Exercise prompt:
Exact repetition of a range: find the line containing "SINGAPORE — Skygazers" and the line containing "交渉力や落としどころの感覚が身につく! 『労務トラブル対応』実践研究会【岸田ゼミ】第2クール 第28回" in the material below, then repeat both and all lines between them, leaving pictures out.

====== Available data

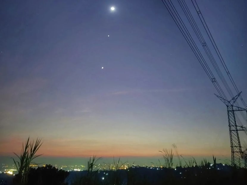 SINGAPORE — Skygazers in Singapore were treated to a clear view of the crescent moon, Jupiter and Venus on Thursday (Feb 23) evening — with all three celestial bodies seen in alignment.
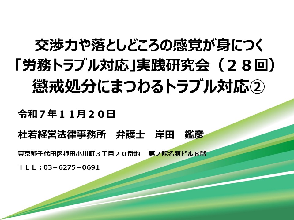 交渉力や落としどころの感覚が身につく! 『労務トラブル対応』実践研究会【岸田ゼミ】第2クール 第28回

============
====== Available data

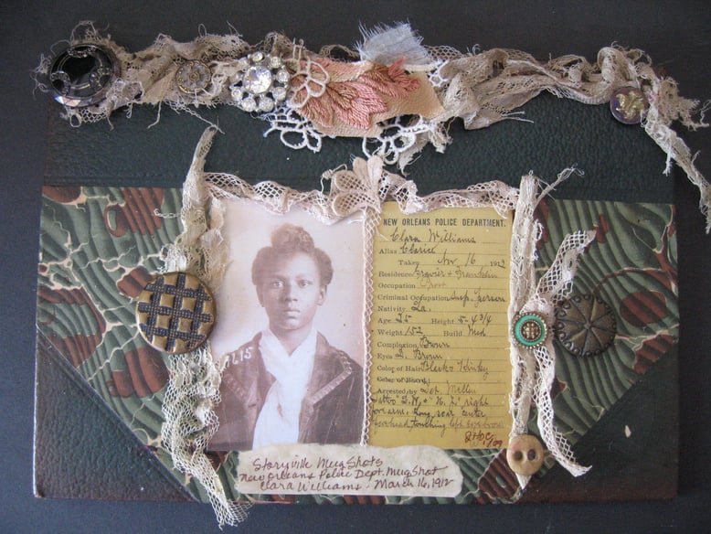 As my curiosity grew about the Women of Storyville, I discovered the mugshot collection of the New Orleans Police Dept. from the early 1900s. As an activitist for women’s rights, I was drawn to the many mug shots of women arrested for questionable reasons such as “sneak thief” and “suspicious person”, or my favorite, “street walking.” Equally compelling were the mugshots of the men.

============

Response to the exercise:
 SINGAPORE — Skygazers in Singapore were treated to a clear view of the crescent moon, Jupiter and Venus on Thursday (Feb 23) evening — with all three celestial bodies seen in alignment.
 交渉力や落としどころの感覚が身につく! 『労務トラブル対応』実践研究会【岸田ゼミ】第2クール 第28回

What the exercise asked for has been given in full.